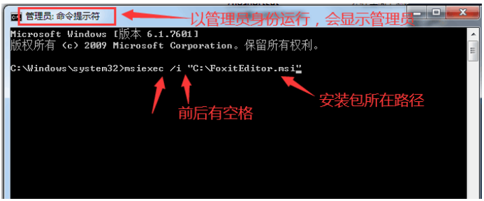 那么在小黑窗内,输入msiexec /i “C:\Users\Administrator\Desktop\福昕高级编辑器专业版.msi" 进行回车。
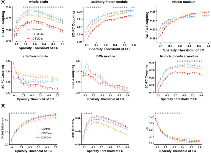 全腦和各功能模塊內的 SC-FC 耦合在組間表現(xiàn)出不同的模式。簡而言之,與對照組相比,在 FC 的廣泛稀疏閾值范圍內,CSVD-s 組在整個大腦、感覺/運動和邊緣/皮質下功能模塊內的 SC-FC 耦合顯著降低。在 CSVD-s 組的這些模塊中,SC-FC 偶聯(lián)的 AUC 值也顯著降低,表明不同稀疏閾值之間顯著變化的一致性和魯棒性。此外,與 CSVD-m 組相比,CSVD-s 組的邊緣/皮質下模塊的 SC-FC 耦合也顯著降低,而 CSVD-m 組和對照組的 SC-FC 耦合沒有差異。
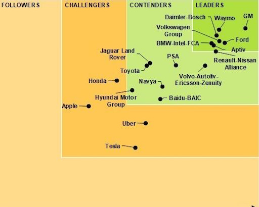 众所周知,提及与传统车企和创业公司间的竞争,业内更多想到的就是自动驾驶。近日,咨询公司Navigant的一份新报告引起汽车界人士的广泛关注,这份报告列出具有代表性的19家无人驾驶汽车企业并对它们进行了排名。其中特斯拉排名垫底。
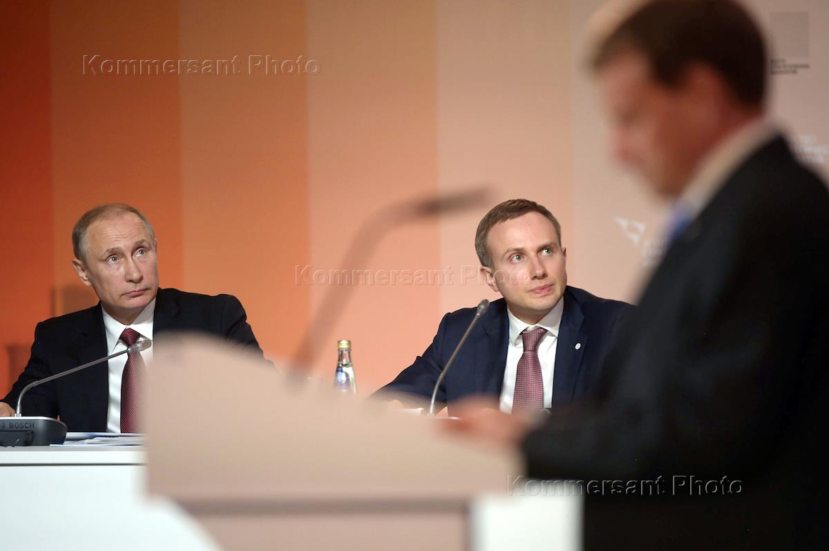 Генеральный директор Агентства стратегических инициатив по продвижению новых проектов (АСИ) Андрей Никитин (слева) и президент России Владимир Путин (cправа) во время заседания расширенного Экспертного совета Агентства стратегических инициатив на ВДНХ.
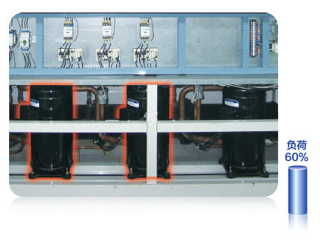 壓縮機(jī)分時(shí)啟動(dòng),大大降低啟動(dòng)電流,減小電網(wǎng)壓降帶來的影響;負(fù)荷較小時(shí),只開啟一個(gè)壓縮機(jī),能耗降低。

= = =

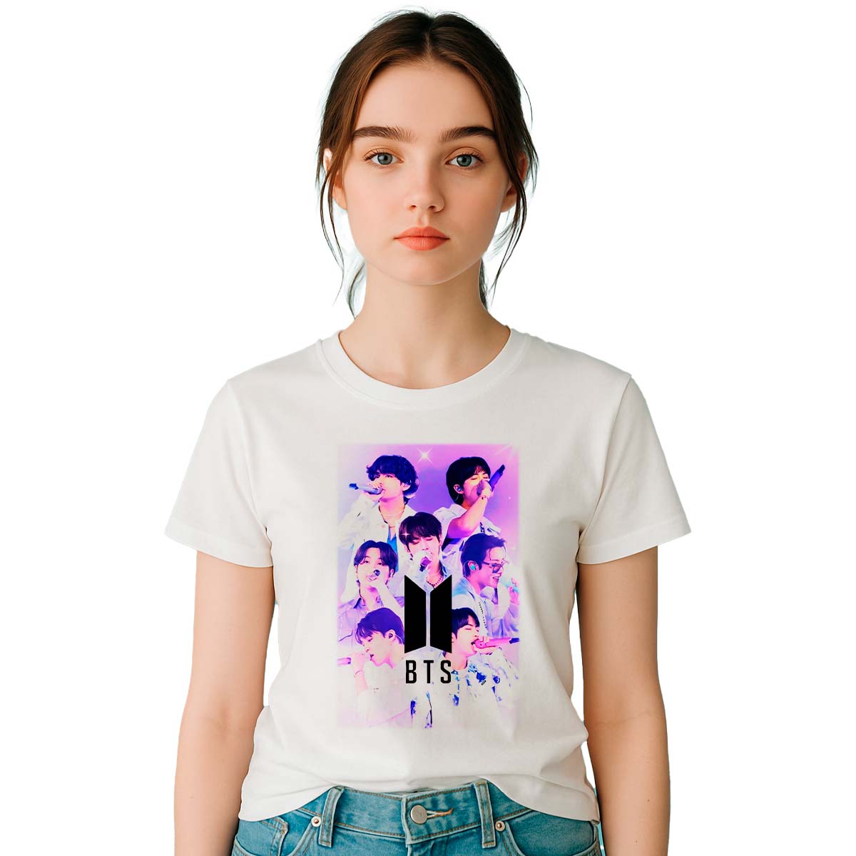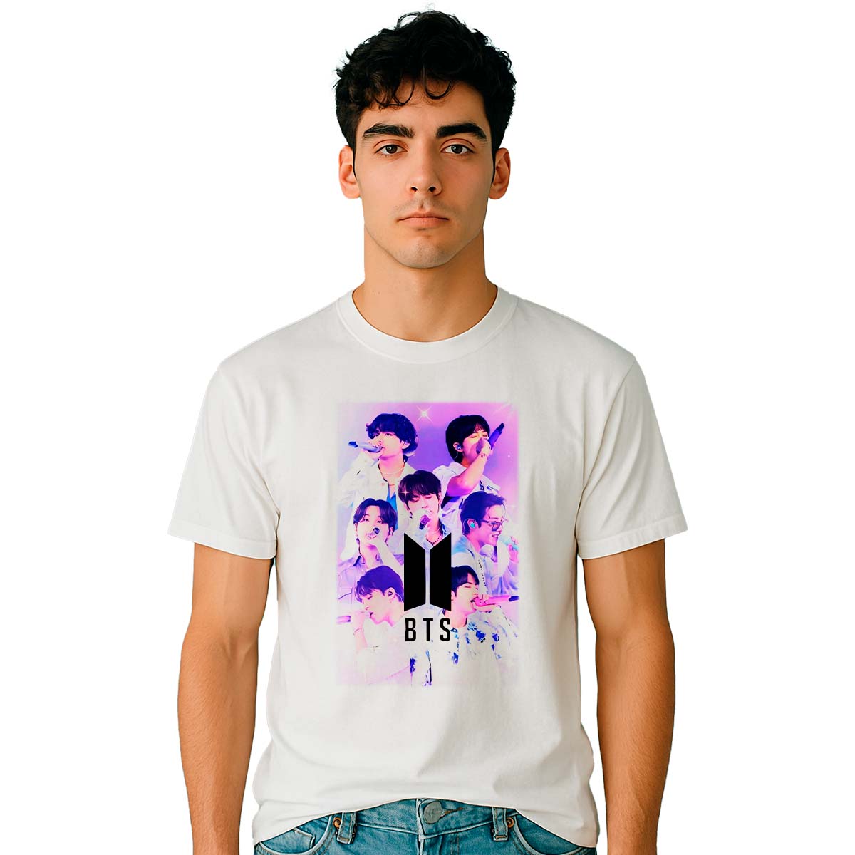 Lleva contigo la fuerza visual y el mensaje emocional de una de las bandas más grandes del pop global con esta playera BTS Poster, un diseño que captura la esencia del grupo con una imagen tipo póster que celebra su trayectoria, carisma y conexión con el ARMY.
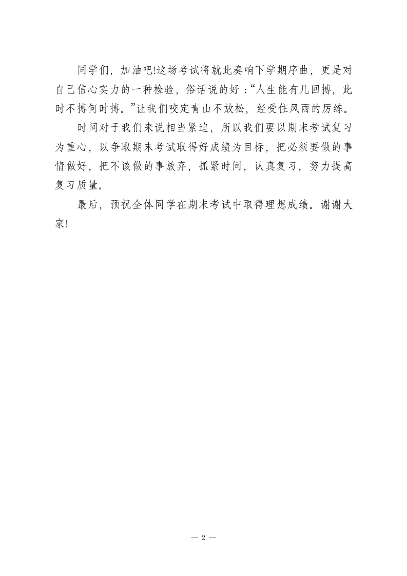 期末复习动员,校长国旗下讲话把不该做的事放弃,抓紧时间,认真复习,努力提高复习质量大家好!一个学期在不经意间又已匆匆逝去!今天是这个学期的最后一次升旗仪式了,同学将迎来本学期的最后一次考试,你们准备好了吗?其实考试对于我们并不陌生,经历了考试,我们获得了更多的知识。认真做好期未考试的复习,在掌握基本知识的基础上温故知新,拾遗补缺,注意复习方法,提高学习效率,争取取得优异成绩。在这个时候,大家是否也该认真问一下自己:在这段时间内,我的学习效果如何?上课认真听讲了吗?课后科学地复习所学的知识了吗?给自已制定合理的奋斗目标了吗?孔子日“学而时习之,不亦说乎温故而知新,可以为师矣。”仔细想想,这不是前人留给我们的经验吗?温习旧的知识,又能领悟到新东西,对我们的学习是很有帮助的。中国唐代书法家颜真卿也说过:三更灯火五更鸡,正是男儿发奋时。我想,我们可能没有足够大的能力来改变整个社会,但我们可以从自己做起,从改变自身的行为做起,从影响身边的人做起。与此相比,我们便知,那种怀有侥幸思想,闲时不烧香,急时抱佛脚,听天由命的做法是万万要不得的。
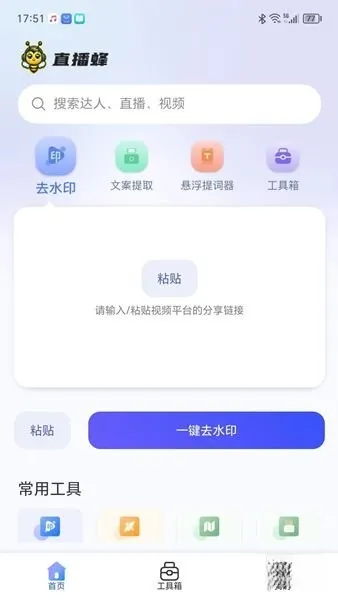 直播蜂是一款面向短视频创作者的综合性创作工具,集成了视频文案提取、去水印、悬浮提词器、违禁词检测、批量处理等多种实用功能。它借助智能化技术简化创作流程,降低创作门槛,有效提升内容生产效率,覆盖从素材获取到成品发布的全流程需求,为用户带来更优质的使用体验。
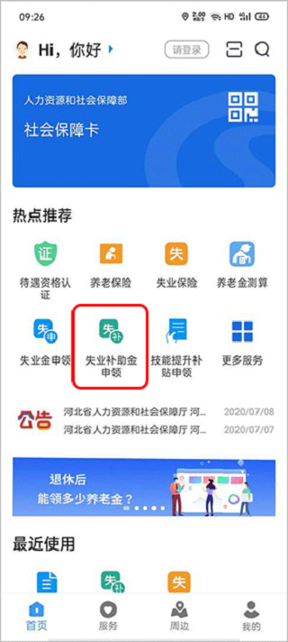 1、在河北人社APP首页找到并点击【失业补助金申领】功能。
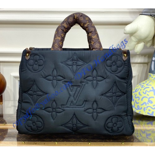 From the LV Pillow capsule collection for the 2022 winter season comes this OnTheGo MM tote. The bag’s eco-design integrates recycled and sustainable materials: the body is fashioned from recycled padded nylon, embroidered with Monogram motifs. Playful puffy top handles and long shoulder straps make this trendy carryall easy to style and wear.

= = =

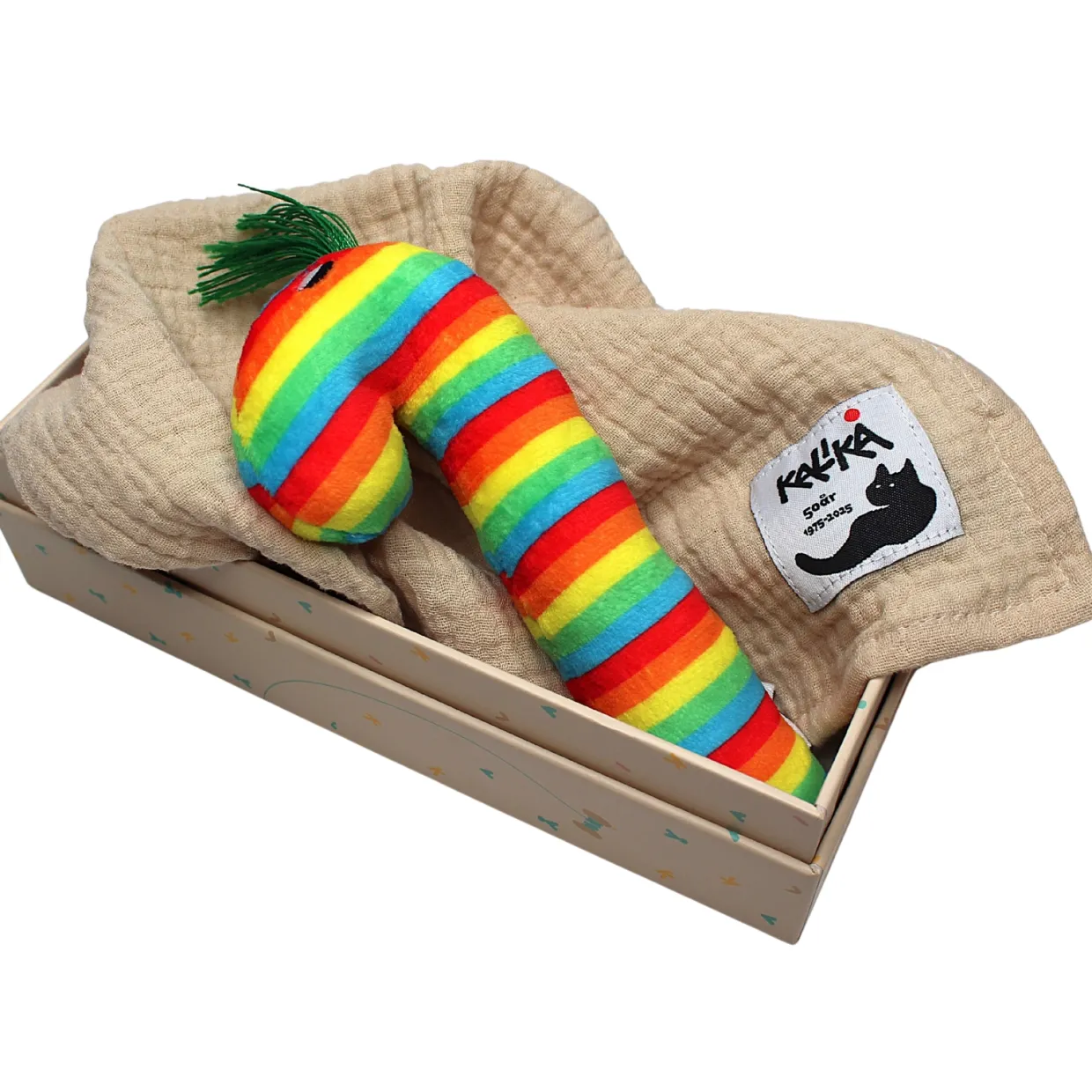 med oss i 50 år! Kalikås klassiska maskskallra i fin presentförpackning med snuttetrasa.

= = =

- _About this exercise_
Given the entries above, transcribe exactly the lines from the one holding "Lleva contigo la" through the one holding "1、在河北人社APP首页找到并点击【失业补助金申领】功能。"; pictures do not belong in the transcription.

- _Task output_
 Lleva contigo la fuerza visual y el mensaje emocional de una de las bandas más grandes del pop global con esta playera BTS Poster, un diseño que captura la esencia del grupo con una imagen tipo póster que celebra su trayectoria, carisma y conexión con el ARMY.
 期末复习动员,校长国旗下讲话把不该做的事放弃,抓紧时间,认真复习,努力提高复习质量大家好!一个学期在不经意间又已匆匆逝去!今天是这个学期的最后一次升旗仪式了,同学将迎来本学期的最后一次考试,你们准备好了吗?其实考试对于我们并不陌生,经历了考试,我们获得了更多的知识。认真做好期未考试的复习,在掌握基本知识的基础上温故知新,拾遗补缺,注意复习方法,提高学习效率,争取取得优异成绩。在这个时候,大家是否也该认真问一下自己:在这段时间内,我的学习效果如何?上课认真听讲了吗?课后科学地复习所学的知识了吗?给自已制定合理的奋斗目标了吗?孔子日“学而时习之,不亦说乎温故而知新,可以为师矣。”仔细想想,这不是前人留给我们的经验吗?温习旧的知识,又能领悟到新东西,对我们的学习是很有帮助的。中国唐代书法家颜真卿也说过:三更灯火五更鸡,正是男儿发奋时。我想,我们可能没有足够大的能力来改变整个社会,但我们可以从自己做起,从改变自身的行为做起,从影响身边的人做起。与此相比,我们便知,那种怀有侥幸思想,闲时不烧香,急时抱佛脚,听天由命的做法是万万要不得的。
 直播蜂是一款面向短视频创作者的综合性创作工具,集成了视频文案提取、去水印、悬浮提词器、违禁词检测、批量处理等多种实用功能。它借助智能化技术简化创作流程,降低创作门槛,有效提升内容生产效率,覆盖从素材获取到成品发布的全流程需求,为用户带来更优质的使用体验。
 1、在河北人社APP首页找到并点击【失业补助金申领】功能。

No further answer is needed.